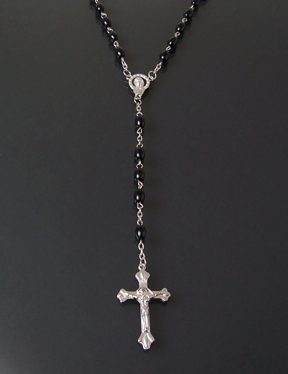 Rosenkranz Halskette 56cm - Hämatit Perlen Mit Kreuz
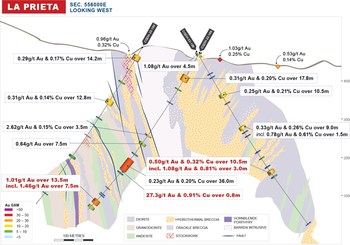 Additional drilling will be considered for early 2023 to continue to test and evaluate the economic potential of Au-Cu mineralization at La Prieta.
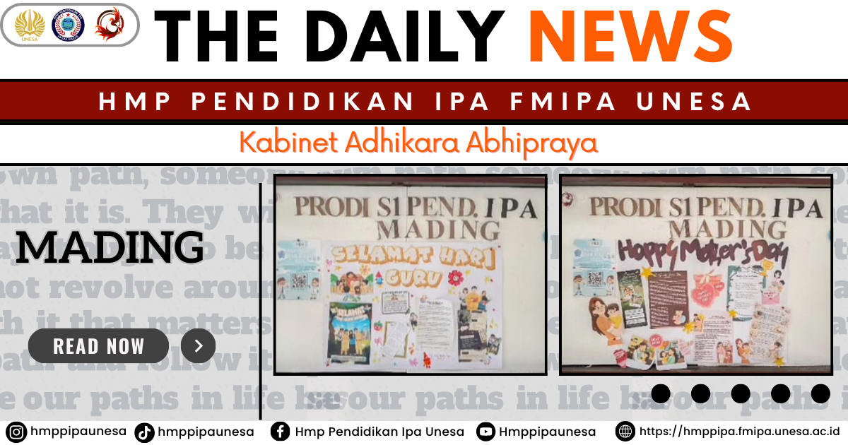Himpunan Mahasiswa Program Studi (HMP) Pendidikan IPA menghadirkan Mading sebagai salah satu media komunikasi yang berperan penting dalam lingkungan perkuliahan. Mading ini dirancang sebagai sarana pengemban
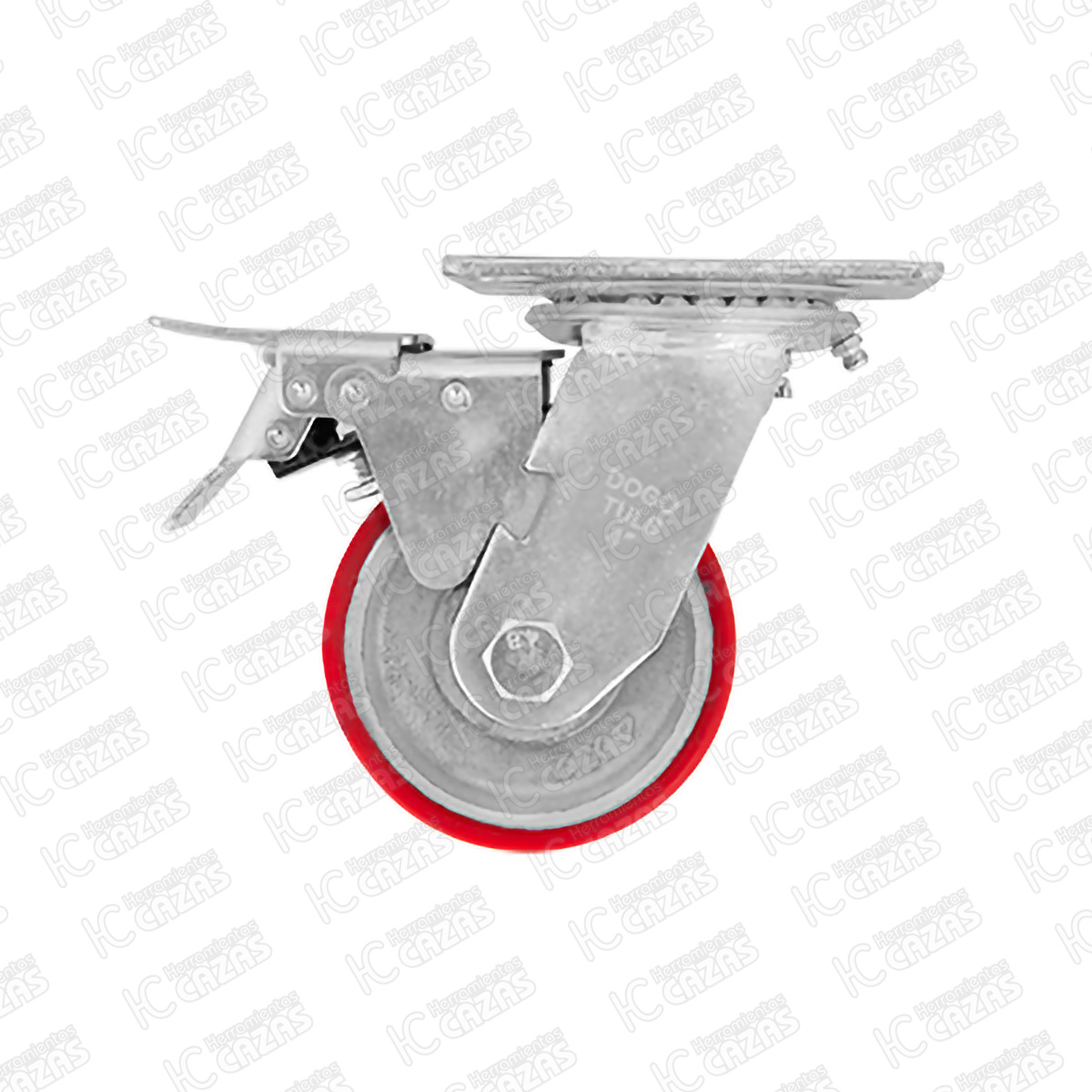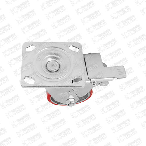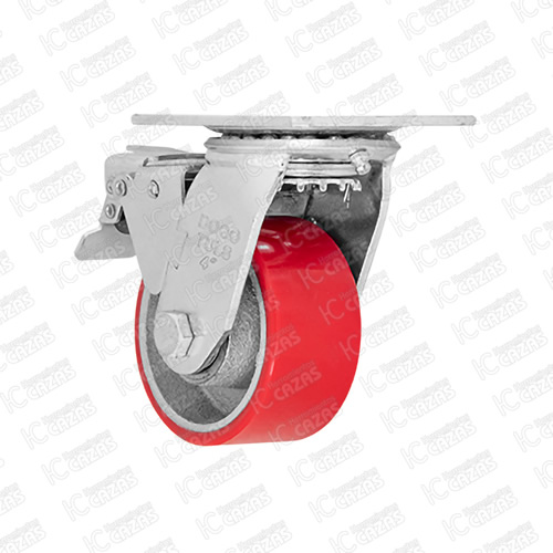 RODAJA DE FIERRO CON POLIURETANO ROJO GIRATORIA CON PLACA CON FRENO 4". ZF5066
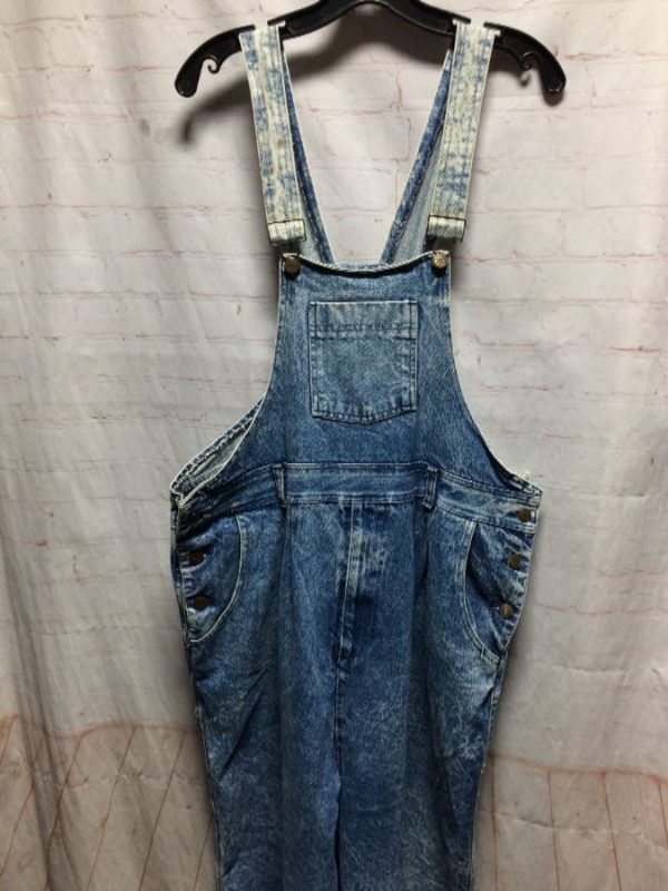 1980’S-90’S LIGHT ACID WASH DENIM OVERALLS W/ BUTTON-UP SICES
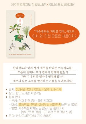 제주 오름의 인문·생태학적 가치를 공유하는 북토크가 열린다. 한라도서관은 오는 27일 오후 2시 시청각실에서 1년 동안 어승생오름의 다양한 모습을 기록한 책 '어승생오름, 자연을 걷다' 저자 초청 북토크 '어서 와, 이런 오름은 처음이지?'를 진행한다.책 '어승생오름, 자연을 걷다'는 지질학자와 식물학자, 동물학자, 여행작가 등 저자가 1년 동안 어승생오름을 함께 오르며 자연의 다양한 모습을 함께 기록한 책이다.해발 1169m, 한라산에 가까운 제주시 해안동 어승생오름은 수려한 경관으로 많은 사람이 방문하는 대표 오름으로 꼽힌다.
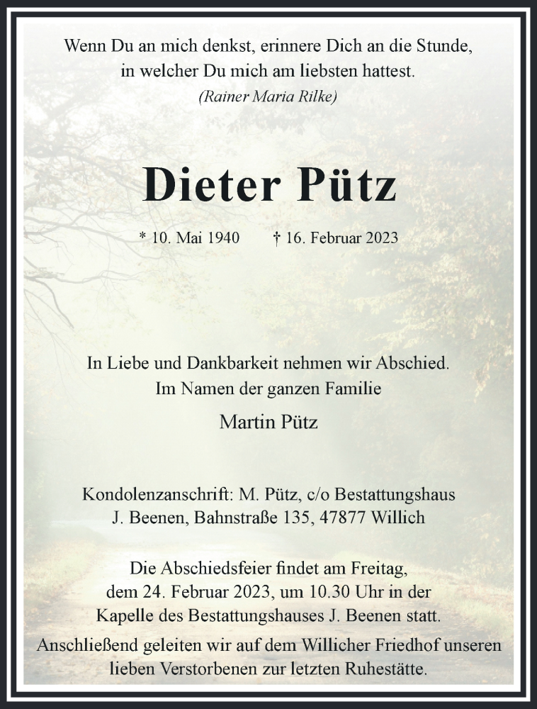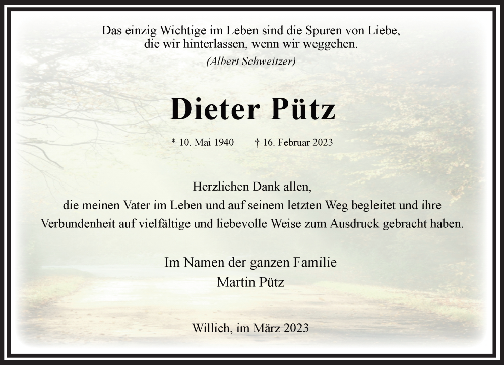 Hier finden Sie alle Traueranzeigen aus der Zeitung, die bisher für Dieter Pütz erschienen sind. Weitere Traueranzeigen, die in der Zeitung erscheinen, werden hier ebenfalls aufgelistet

--

TASK GOAL » With the pictures omitted, restate word for word the lines above from the line that has "1980’S-90’S LIGHT ACID" up to and including the line that has "제주 오름의 인문·생태학적", and no other lines.

TASK SOLUTION »
 1980’S-90’S LIGHT ACID WASH DENIM OVERALLS W/ BUTTON-UP SICES
 제주 오름의 인문·생태학적 가치를 공유하는 북토크가 열린다. 한라도서관은 오는 27일 오후 2시 시청각실에서 1년 동안 어승생오름의 다양한 모습을 기록한 책 '어승생오름, 자연을 걷다' 저자 초청 북토크 '어서 와, 이런 오름은 처음이지?'를 진행한다.책 '어승생오름, 자연을 걷다'는 지질학자와 식물학자, 동물학자, 여행작가 등 저자가 1년 동안 어승생오름을 함께 오르며 자연의 다양한 모습을 함께 기록한 책이다.해발 1169m, 한라산에 가까운 제주시 해안동 어승생오름은 수려한 경관으로 많은 사람이 방문하는 대표 오름으로 꼽힌다.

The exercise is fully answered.